Énième remake que personne n’attendait : The Crow de Rupert Sanders arrive dans nos salles fin août. Déjà connu pour son questionnable Blanche Neige et le chasseur et le controversé Ghost in the Shell en prise de vue réelle, le réalisateur semble se conforter dans ses projets d’adaptation et remaniements inutiles.
Mais Alex Proyas, l’auteur du film original adapté du comics de James O’Barr,est lui-même un réalisateur d’entre deux eaux, capable de réussite avec Dark City comme d’horreur avec Gods of Egypt. Alors, cette tendance au meilleur comme au pire se retrouve-t-elle aussi dans cette refonte sombre et contemporaine du mythique The Crow ?
« Eric (Bill Skarsgård) et sa fiancée Shelly (FKA Twigs) sont sauvagement assassinés par un gang de criminels. Mais une force mystérieuse ramène Eric d’entre les morts, qui, doté de pouvoirs surnaturels, entreprend de se venger pour sauver son véritable amour. »
Le Corbeau et le remake
Après quelques mauvaises augures qui restent dans l’esprit du film (sortie repoussée sans explications, comédien principal frustré de la fin du film), The Crow est prêt à se poser sur grand écran dans nos salles françaises.
Sanders serait-il hanté par le fantôme de Brandon Lee, mort pendant le tournage du film original ? Peut-être.

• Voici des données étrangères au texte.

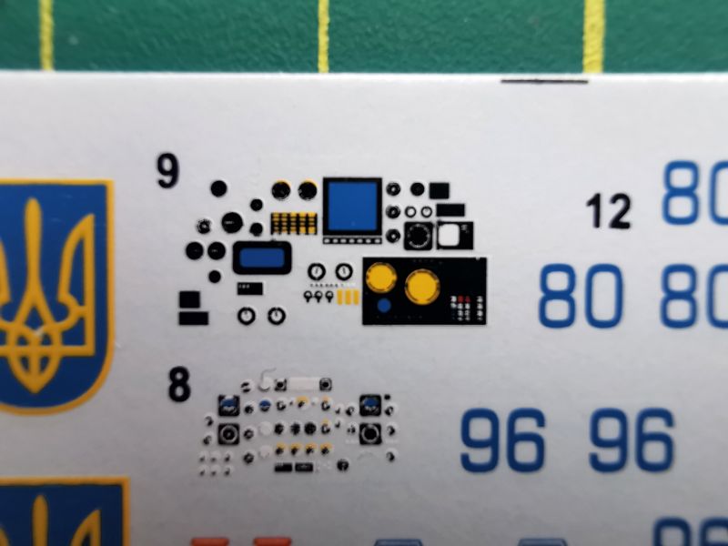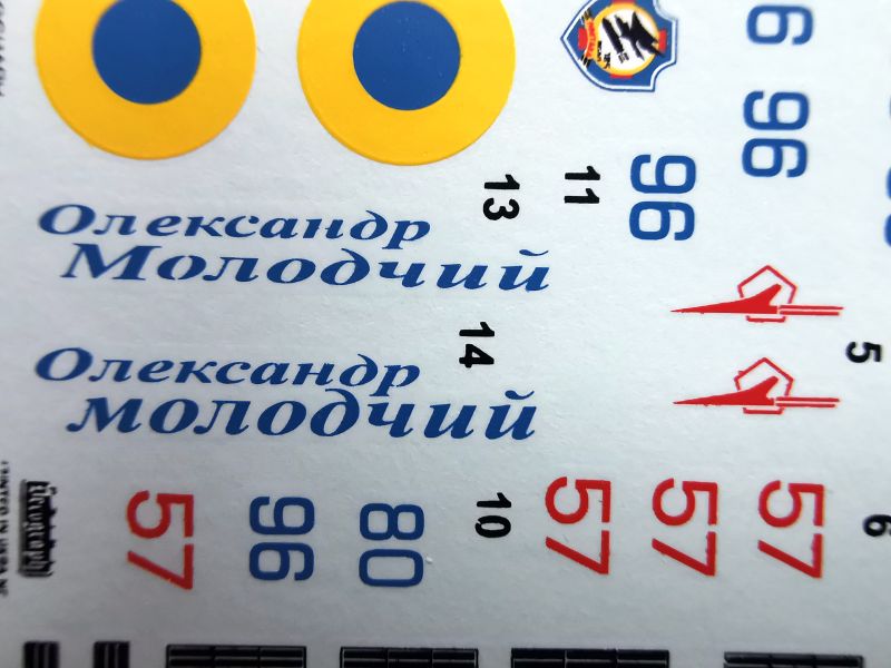 W omawianym zestawie, podobnie jak w przypadku modelu Tu-22M3, kalkomania także składa się dwóch arkusików. Mniejszego, na którym znajdziemy panele do naklejenia na grzebiecie kadłuba. Pominąłem go jednak, bo jest identyczny, jak w poprzedniej wersji. Większy arkusik przygotowano już na potrzeby tego zestawu. Zawiera on oznaczenia, godła ale także wyposażenie kokpitu i kratki do umieszczenia na wlotach powietrza. Jakość wykonania kalkomanii jest identyczna, jak poprzednich modelach tego producenta, czyli bardzo dobra. Nie jest to czcza propaganda, pracowałem z tymi kalkami przy klejeniu modelu J-22 ORAO.

En tout cas, son ombre plane au-dessus du film et de la performance de Skarsgård, qui met les bouchées doubles, quitte parfois à en faire un peu trop. Mais le trop-plein devrait pourtant convenir parfaitement à l’atmosphère romanesque et grandiloquente du film. Raté toutefois, car ici, ce n’est plus le The Crow poisseux de Proyas ou d’O’Barr. En effet, on sent tout les efforts que Sanders met à respecter autant que se détacher du premier film. Ce qui est une intention plus que noble de prime abord, MAIS !
Malheureusement, du long-métrage de 1994, le réalisateur semble ne conserver qu’un souvenir superficiel et pubertaire. Ainsi l’on garde les motifs sombres (le maquillage, la violence exubérante), qui étaient déjà présents dans le comics, pour en oublier la moelle même de l’œuvre.
Là où le film original se sert du romantisme pour justifier son imagerie gothique et religieuse, son remake s’en passe volontiers. Les visuels sont plaisants, et c’est bien le problème : ils ne sont que ça. Le directeur de la photo, Steve Annis, connu pour La couleur tombée du ciel ou le clip Immortel de Maître Gims (si, si), assure ici les visuels. Les contrastes sont assez marqués pour être marquants. Mais du reste, tout,, des décors à la photo en passant par les VFX, manque de texture.
Pauvre pigeon
En termes de manque, ce ne sont pas seulement les visuels, mais bien aussi l’écriture qui a été punie. Alex Proyas avait écrit un film certes à la limite d’une misanthropie edgy, mais rempli d’un charme emo-gothique propre à la fin 90-début 2000, qui adaptait très bien l’esprit du comics déjà comiquement macabre. Et Sanders en a aplati le corps et l’esprit. À la place d’une mise en forme granuleuse et déplaisante au service de son imagerie marquante, nous avons droit à d’énièmes séquences interminables et infantiles de ce qu’un cinquantenaire pense être cool aux yeux des adolescents.
Passons volontiers sur l’introduction qui romantise et fétichise le mal-être mental. Ceux qui se veulent des antihéros ne sont finalement pas plus que deux adolescents profitant d’un mode de vie bourgeois d’emprunt, avec des motivations au romantisme niais et plat, digne d’une série Netflix. Car oui, c’est bien de cela qu’il s’agit.
À la place d’un hommage humble ou créatif à un film dont le legs n’est plus à prouver, The Crow de Rupert Sanders a plus l’allure et l’envie d’être un produit. Un film qui se regarde comme il s’oublie : facilement. Les personnages sont interchangeables et sans profondeur, le message global du film est changeant et d’une niaiserie sans fond. Cousu d’un fil blanc qui parfois se teinte de rouge après les innombrables (jouissifs mais mal exploités) excès d’hémoglobine, le produit retombe comme un oiseau aux ailes mal attachées.